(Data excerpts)

Content starts

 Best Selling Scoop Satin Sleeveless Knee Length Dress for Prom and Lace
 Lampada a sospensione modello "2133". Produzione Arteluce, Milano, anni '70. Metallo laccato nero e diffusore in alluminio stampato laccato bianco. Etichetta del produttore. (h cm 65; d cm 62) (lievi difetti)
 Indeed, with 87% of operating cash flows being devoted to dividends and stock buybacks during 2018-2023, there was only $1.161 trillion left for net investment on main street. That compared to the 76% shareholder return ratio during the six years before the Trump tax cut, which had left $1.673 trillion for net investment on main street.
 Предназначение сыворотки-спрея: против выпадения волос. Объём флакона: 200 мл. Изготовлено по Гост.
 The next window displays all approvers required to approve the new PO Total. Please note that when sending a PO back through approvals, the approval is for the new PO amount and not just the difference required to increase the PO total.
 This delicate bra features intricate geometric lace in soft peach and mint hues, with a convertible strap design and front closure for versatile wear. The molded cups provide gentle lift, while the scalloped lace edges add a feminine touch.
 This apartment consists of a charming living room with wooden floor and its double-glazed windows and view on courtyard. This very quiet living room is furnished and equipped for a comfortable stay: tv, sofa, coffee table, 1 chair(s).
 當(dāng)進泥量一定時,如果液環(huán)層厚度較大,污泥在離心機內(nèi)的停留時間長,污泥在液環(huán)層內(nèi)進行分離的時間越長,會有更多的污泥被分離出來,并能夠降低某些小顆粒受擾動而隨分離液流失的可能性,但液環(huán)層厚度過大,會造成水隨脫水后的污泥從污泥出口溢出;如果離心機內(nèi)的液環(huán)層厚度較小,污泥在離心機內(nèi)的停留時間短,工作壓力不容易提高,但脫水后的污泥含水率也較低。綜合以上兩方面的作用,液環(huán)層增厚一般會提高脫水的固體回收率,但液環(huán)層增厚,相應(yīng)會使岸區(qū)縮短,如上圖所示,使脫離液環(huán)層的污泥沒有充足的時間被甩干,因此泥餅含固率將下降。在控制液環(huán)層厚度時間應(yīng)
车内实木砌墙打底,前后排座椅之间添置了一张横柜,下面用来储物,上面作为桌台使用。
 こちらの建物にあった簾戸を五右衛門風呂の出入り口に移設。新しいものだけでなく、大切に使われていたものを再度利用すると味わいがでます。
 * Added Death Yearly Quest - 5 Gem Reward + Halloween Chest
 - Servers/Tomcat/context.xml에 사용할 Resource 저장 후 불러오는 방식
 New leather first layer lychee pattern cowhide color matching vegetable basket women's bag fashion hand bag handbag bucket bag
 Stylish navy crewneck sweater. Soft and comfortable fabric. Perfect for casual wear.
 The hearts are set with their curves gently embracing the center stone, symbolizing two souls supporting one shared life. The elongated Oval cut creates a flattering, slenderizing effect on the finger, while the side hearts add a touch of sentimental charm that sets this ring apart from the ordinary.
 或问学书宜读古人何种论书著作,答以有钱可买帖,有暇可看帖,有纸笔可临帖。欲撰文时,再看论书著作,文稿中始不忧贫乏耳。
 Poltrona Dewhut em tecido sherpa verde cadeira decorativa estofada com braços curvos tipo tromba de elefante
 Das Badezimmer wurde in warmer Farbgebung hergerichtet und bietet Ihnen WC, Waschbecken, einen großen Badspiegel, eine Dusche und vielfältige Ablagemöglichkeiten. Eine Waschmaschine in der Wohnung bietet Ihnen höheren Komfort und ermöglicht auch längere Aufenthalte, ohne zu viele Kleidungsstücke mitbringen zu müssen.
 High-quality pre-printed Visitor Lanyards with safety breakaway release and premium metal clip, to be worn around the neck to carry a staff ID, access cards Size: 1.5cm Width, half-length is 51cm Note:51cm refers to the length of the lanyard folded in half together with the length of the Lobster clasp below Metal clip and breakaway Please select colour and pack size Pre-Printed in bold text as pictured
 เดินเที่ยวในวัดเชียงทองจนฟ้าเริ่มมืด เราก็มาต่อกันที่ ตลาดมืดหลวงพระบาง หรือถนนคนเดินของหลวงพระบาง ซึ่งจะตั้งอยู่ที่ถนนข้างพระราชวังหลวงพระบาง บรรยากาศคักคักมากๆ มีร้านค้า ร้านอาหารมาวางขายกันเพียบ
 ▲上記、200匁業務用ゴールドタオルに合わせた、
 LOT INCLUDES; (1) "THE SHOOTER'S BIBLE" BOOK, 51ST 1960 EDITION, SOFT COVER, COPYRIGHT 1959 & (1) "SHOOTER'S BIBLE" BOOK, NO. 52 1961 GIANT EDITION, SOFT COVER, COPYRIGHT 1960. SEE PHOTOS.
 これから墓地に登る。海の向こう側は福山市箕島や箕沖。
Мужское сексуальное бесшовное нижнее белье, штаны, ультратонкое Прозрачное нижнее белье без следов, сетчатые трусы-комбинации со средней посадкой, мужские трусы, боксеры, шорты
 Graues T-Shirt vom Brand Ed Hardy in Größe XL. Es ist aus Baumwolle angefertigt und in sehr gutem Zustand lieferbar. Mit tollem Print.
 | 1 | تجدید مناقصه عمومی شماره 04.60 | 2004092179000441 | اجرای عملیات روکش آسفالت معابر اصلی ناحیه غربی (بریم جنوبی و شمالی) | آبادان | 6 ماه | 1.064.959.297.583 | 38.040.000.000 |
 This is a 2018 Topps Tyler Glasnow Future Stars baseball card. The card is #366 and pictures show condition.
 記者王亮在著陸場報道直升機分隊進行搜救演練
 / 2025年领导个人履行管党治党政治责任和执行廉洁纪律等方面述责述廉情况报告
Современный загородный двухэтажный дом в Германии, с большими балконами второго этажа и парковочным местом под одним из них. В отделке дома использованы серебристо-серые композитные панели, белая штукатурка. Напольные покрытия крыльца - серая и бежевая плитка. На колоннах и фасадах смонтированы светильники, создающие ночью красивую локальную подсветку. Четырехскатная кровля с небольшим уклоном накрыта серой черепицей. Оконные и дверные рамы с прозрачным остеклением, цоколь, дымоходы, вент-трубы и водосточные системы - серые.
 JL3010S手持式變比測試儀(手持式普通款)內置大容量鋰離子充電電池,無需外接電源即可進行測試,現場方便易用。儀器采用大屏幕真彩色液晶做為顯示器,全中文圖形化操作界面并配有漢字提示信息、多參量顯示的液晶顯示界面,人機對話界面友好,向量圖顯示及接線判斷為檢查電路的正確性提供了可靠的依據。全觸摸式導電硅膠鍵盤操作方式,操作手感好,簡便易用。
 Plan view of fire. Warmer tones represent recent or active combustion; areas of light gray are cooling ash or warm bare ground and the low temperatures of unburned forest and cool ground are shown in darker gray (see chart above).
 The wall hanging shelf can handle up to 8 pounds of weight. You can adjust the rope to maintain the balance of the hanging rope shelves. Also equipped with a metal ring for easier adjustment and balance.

Content ends

*Task to complete*.
Return a word-for-word copy of the lines above from the one holding "The hearts are" through the one holding "Graues T-Shirt vom", with both of them included and nothing besides.

*Solution to the exercise*.
 The hearts are set with their curves gently embracing the center stone, symbolizing two souls supporting one shared life. The elongated Oval cut creates a flattering, slenderizing effect on the finger, while the side hearts add a touch of sentimental charm that sets this ring apart from the ordinary.
 或问学书宜读古人何种论书著作,答以有钱可买帖,有暇可看帖,有纸笔可临帖。欲撰文时,再看论书著作,文稿中始不忧贫乏耳。
 Poltrona Dewhut em tecido sherpa verde cadeira decorativa estofada com braços curvos tipo tromba de elefante
 Das Badezimmer wurde in warmer Farbgebung hergerichtet und bietet Ihnen WC, Waschbecken, einen großen Badspiegel, eine Dusche und vielfältige Ablagemöglichkeiten. Eine Waschmaschine in der Wohnung bietet Ihnen höheren Komfort und ermöglicht auch längere Aufenthalte, ohne zu viele Kleidungsstücke mitbringen zu müssen.
 High-quality pre-printed Visitor Lanyards with safety breakaway release and premium metal clip, to be worn around the neck to carry a staff ID, access cards Size: 1.5cm Width, half-length is 51cm Note:51cm refers to the length of the lanyard folded in half together with the length of the Lobster clasp below Metal clip and breakaway Please select colour and pack size Pre-Printed in bold text as pictured
 เดินเที่ยวในวัดเชียงทองจนฟ้าเริ่มมืด เราก็มาต่อกันที่ ตลาดมืดหลวงพระบาง หรือถนนคนเดินของหลวงพระบาง ซึ่งจะตั้งอยู่ที่ถนนข้างพระราชวังหลวงพระบาง บรรยากาศคักคักมากๆ มีร้านค้า ร้านอาหารมาวางขายกันเพียบ
 ▲上記、200匁業務用ゴールドタオルに合わせた、
 LOT INCLUDES; (1) "THE SHOOTER'S BIBLE" BOOK, 51ST 1960 EDITION, SOFT COVER, COPYRIGHT 1959 & (1) "SHOOTER'S BIBLE" BOOK, NO. 52 1961 GIANT EDITION, SOFT COVER, COPYRIGHT 1960. SEE PHOTOS.
 これから墓地に登る。海の向こう側は福山市箕島や箕沖。
Мужское сексуальное бесшовное нижнее белье, штаны, ультратонкое Прозрачное нижнее белье без следов, сетчатые трусы-комбинации со средней посадкой, мужские трусы, боксеры, шорты
 Graues T-Shirt vom Brand Ed Hardy in Größe XL. Es ist aus Baumwolle angefertigt und in sehr gutem Zustand lieferbar. Mit tollem Print.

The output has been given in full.